● **Exercise details**: Reproduce the listing in its entirety. Do not reproduce the pictures.

● **Given information**:
BEGIN
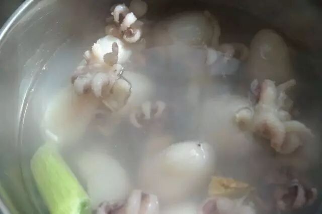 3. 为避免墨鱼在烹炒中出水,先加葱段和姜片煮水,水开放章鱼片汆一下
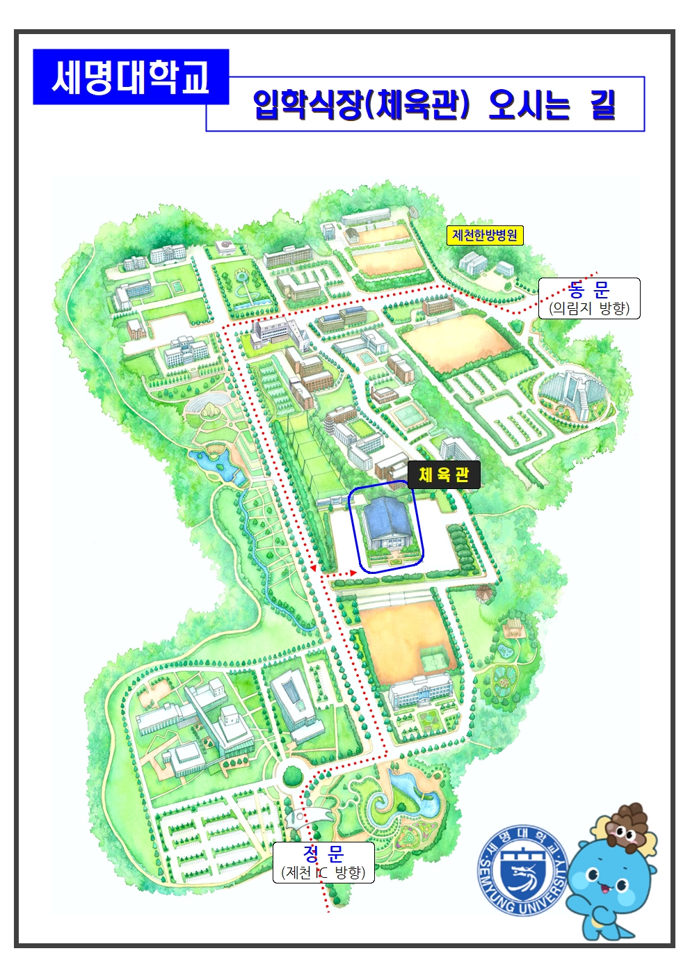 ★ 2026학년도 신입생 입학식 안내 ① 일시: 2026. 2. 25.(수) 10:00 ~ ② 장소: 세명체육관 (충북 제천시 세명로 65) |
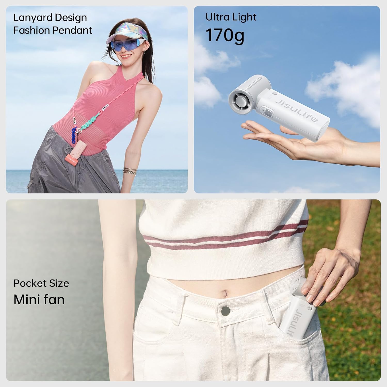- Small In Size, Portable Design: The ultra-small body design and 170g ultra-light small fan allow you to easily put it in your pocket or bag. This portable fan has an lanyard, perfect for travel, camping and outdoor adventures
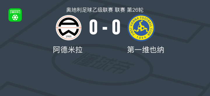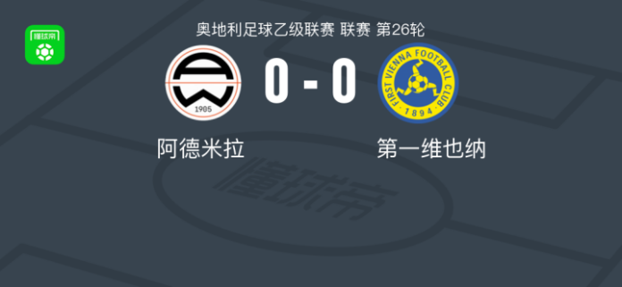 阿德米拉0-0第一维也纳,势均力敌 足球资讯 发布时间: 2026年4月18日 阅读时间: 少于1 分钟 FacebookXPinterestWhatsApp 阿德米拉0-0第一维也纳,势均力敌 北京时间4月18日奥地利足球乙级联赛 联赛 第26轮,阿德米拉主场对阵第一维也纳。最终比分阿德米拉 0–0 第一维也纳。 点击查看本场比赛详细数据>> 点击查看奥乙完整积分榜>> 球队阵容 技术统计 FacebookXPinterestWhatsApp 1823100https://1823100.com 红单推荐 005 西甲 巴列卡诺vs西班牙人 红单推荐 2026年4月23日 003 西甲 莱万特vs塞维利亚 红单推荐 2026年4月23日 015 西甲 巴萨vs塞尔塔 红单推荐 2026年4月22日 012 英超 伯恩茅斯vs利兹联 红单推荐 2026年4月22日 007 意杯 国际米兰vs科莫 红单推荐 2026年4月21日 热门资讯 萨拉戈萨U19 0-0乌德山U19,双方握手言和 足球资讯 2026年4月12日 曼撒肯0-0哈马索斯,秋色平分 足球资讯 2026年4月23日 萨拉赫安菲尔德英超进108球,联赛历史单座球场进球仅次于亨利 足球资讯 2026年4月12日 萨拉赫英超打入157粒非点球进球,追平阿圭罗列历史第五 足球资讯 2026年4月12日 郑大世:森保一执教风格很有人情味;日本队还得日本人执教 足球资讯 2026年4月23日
END
● **Result below**:
 3. 为避免墨鱼在烹炒中出水,先加葱段和姜片煮水,水开放章鱼片汆一下
 ★ 2026학년도 신입생 입학식 안내 ① 일시: 2026. 2. 25.(수) 10:00 ~ ② 장소: 세명체육관 (충북 제천시 세명로 65) |
- Small In Size, Portable Design: The ultra-small body design and 170g ultra-light small fan allow you to easily put it in your pocket or bag. This portable fan has an lanyard, perfect for travel, camping and outdoor adventures
 阿德米拉0-0第一维也纳,势均力敌 足球资讯 发布时间: 2026年4月18日 阅读时间: 少于1 分钟 FacebookXPinterestWhatsApp 阿德米拉0-0第一维也纳,势均力敌 北京时间4月18日奥地利足球乙级联赛 联赛 第26轮,阿德米拉主场对阵第一维也纳。最终比分阿德米拉 0–0 第一维也纳。 点击查看本场比赛详细数据>> 点击查看奥乙完整积分榜>> 球队阵容 技术统计 FacebookXPinterestWhatsApp 1823100https://1823100.com 红单推荐 005 西甲 巴列卡诺vs西班牙人 红单推荐 2026年4月23日 003 西甲 莱万特vs塞维利亚 红单推荐 2026年4月23日 015 西甲 巴萨vs塞尔塔 红单推荐 2026年4月22日 012 英超 伯恩茅斯vs利兹联 红单推荐 2026年4月22日 007 意杯 国际米兰vs科莫 红单推荐 2026年4月21日 热门资讯 萨拉戈萨U19 0-0乌德山U19,双方握手言和 足球资讯 2026年4月12日 曼撒肯0-0哈马索斯,秋色平分 足球资讯 2026年4月23日 萨拉赫安菲尔德英超进108球,联赛历史单座球场进球仅次于亨利 足球资讯 2026年4月12日 萨拉赫英超打入157粒非点球进球,追平阿圭罗列历史第五 足球资讯 2026年4月12日 郑大世:森保一执教风格很有人情味;日本队还得日本人执教 足球资讯 2026年4月23日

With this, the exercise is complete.